0.0.0.0/0          *[BGP/80] 18w6d 22:42:17, localpref 100
                      AS path: YYYY AAAA I
                    > to 104.x.x.x via ge-0/0/0.0
                    [OSPF/150] 7w4d 10:38:06, metric 0, tag 0
                    > to 10.212.6.20 via ge-0/0/1.0

With /25:

x@x# run show route 10.10.201.0 

inet.0: 921 destinations, 1829 routes (921 active, 0 holddown, 1 hidden)
+ = Active Route, - = Last Active, * = Both

10.10.201.0/25     *[Static/5] 01:04:04
                    > to 172.18.10.6 via ge-0/0/7.0
                    [OSPF/150] 01:04:02, metric 1, tag 0
                    > to 10.99.1.2 via ge-0/0/15.0

DMZ.inet.0: 102 destinations, 102 routes (102 active, 0 holddown, 0 hidden)
+ = Active Route, - = Last Active, * = Both

10.10.201.0/25     *[Static/5] 01:04:06
                    > to 172.18.10.6 via ge-0/0/7.0

tunnel.inet.0: 91 destinations, 114 routes (74 active, 0 holddown, 25 hidden)
+ = Active Route, - = Last Active, * = Both

10.10.201.0/25     *[Static/5] 01:04:04
                    > to 172.18.10.6 via ge-0/0/7.0

lan-vr.inet.0: 59 destinations, 84 routes (59 active, 0 holddown, 0 hidden)
+ = Active Route, - = Last Active, * = Both

10.10.201.0/25     *[Static/5] 01:04:04
                    > to 172.18.10.6 via ge-0/0/7.0

Best Answer

The two routes you are summarising have different destination addresses.

eg:

route 10.10.201.0/25 next-hop 172.18.10.6;
route 10.10.201.128/25 next-hop 172.18.10.10;

after your change, the entire /24 is pointing to 172.18.10.6

The security policy is not blocking the traffic - the fact that you see an entry in the flow table shows that it is being permitted.

What you are seeing in the session table is that the return traffic is not coming back for whatever reason.

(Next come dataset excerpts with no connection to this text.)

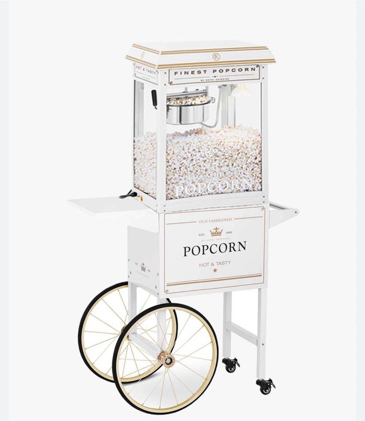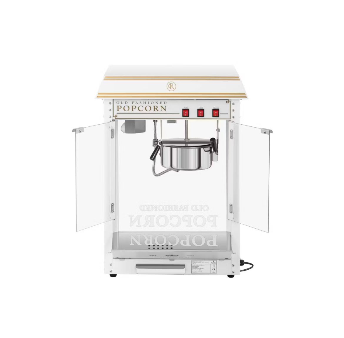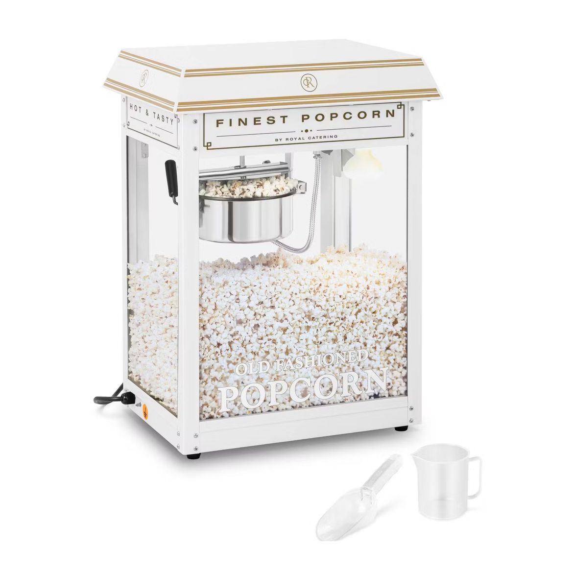 Die Popcornmaschine aus dem Hause Royal Catering wurde extra für den professionellen Gastronomiebedarf entworfen und ist ein absoluter Hingucker. Sie besticht nicht nur durch das ansprechend weiß-golden emaillierte Gehäuse, sondern auch durch eine beheizte sowie beleuchtete Kammer, ein Rührsystem und ein automatisches Thermostat. Profitiert vom Popcornmaker und lasst euch von einem außergewöhnlichen Popcornerlebnis überzeugen – ob nun im Kino, auf Jahrmärkten, Festivals, Hochzeiten usw.
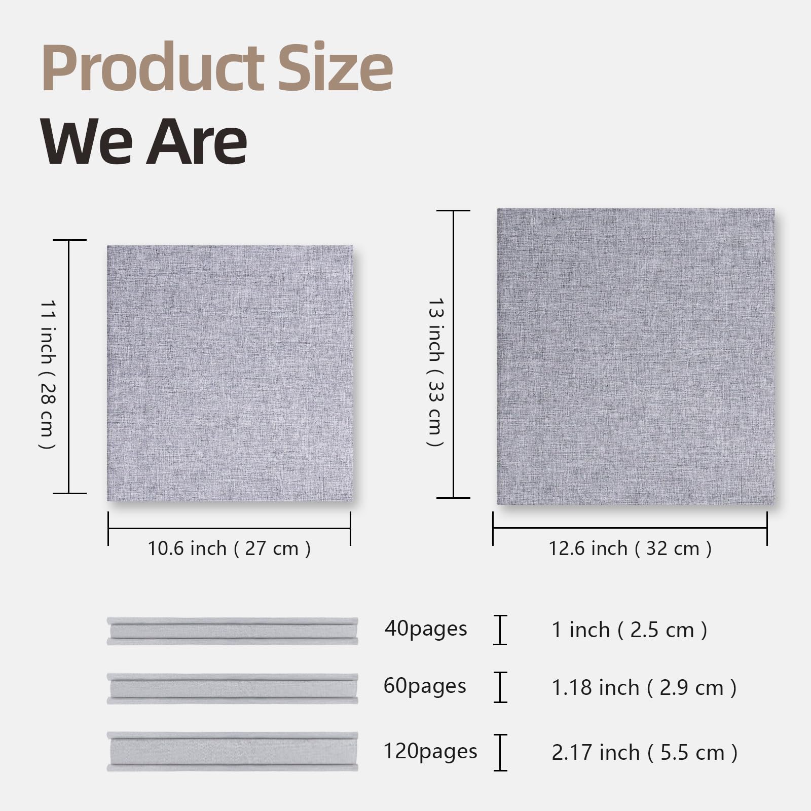 Size: The external size is length 11 x width 10.6(inches), internal self-adhesive page length 10.8 x width 8.6 (inches), 20sheets/40 pages, can hold 120 4x6 or 40 8x10 photos
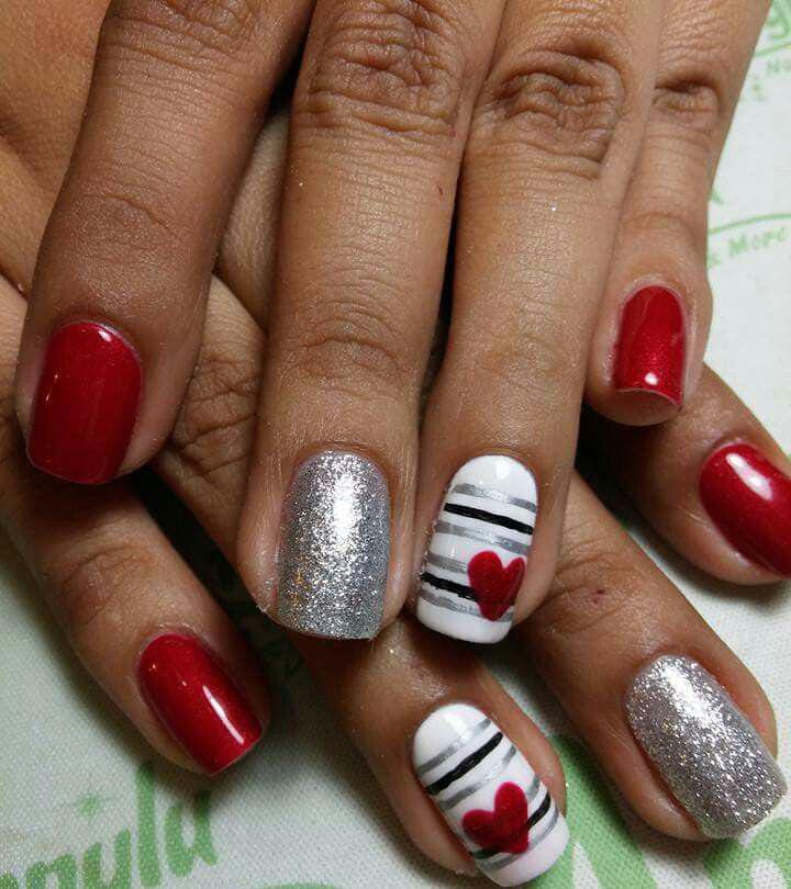 Bold red nails pair with a silver glitter accent and a white striped nail topped with a red heart, giving the whole set a clean yet romantic contrast. It’s classic Valentine’s colors with a modern twist.
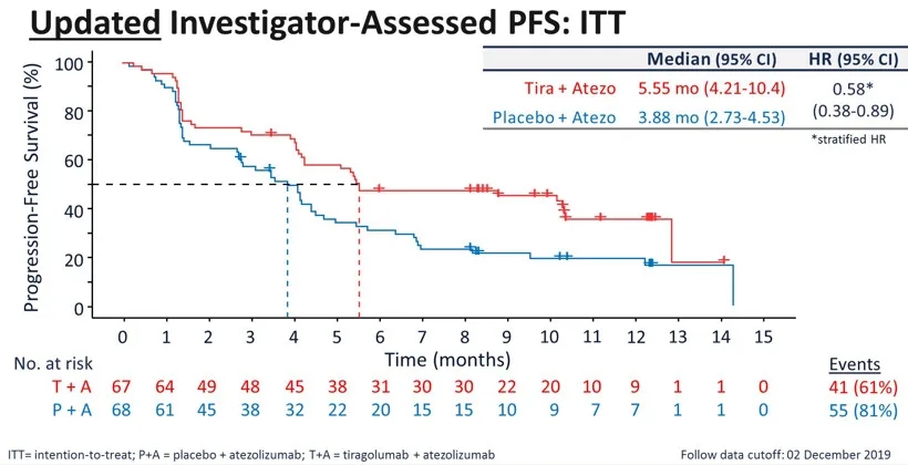 研究结论:在Atezolizumab治疗的基础上进一步联合TIGIT抑制剂——Tiragolumab可提高患者疗效。

Without knowing your topology it's a bit hard to know why, but I would suggest that 10.212.200.1 has a route back to 10.10.201.3 via the router with 172.16.10.10 as an interface. After you make your change, it is possible you create asymmetric routing (the return traffic comes back on a different interface) and the SRX just drops it.

Actually looking at your routing output, I think the problem is that you are leaking routes between routing-instances (most likely via a policy that specifically matches on the /25), and when you put the /24 in, it removes that entry from all your routing-instances. This may explain the other issues you have when you apply this route.

Can you please attach the output of show configuration routing-options and show configuration policy-options? This should confirm the presence of route-leaking.